#### [PROBLEM STATEMENT]
Copy every record word for word. Pictures are not part of the copy.

----------

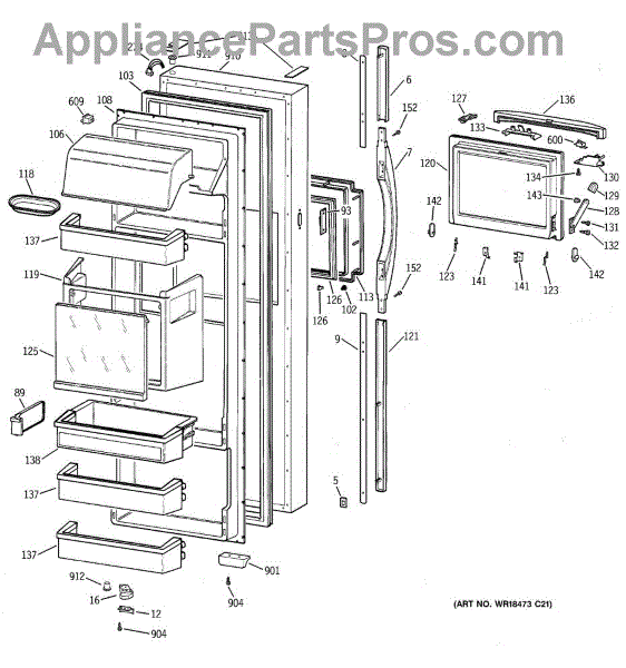 Parts for Ge TFK28PFDAAA: 02 - Fresh Food Door Parts
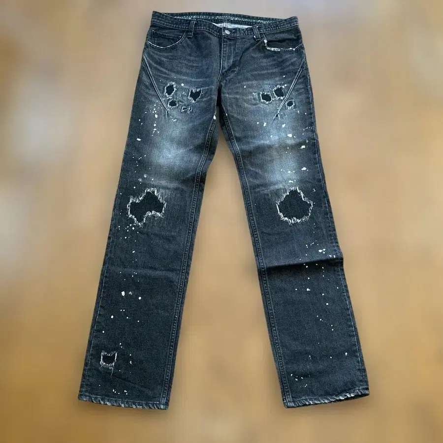 넘버나인 [ 복각판 ] 데미지 가공 스트레이트 데님 다크 그레이
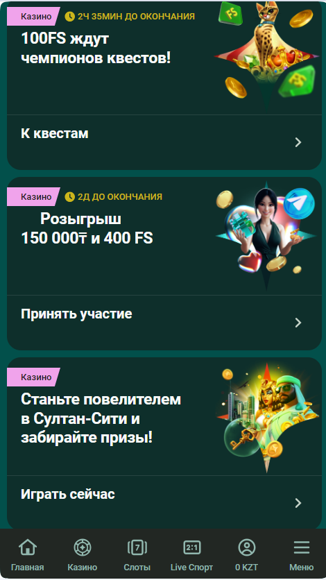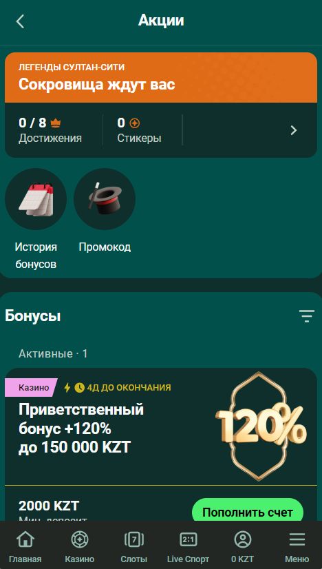 Казино Sultan Games предлагает игрокам из Казахстана и других стран несколько бонусов. Также доступны уникальные промокоды, которые можно найти в официальных социальных сетях или получить через рассылку и программу лояльности.
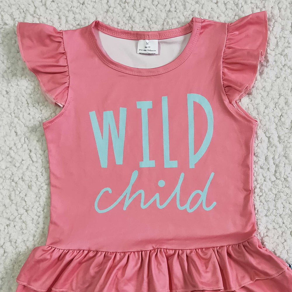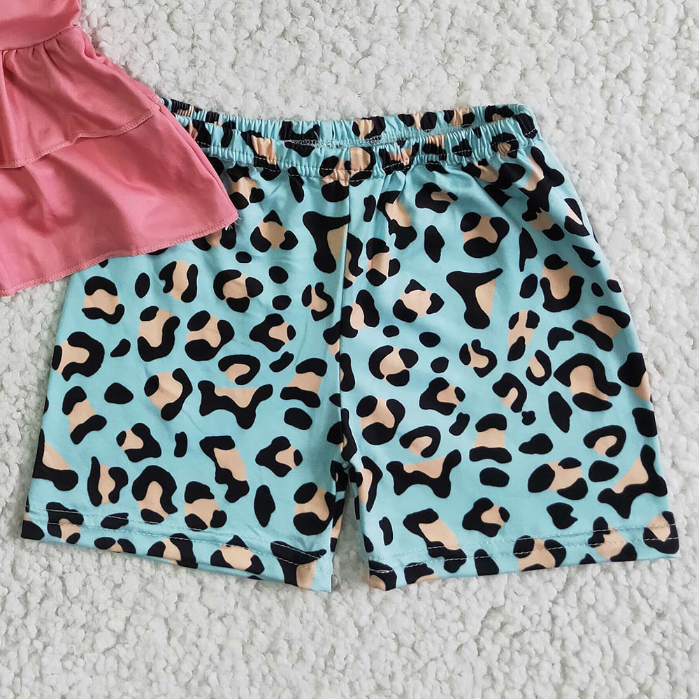 Baby Girls Summer Clothes Set Wild Child Double Tunic Top Ruffle Leopard Shorts Set GSSO0036
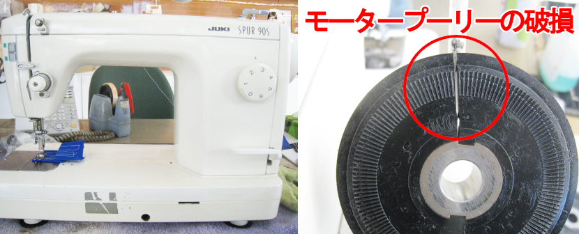 モータープーリーの破損が原因なので、オーバーホール・部品交換でスムーズに縫えるように修理させていただきました。

----------

#### [EXERCISE ANSWER]
 Parts for Ge TFK28PFDAAA: 02 - Fresh Food Door Parts
 넘버나인 [ 복각판 ] 데미지 가공 스트레이트 데님 다크 그레이
 Казино Sultan Games предлагает игрокам из Казахстана и других стран несколько бонусов. Также доступны уникальные промокоды, которые можно найти в официальных социальных сетях или получить через рассылку и программу лояльности.
 Baby Girls Summer Clothes Set Wild Child Double Tunic Top Ruffle Leopard Shorts Set GSSO0036
 モータープーリーの破損が原因なので、オーバーホール・部品交換でスムーズに縫えるように修理させていただきました。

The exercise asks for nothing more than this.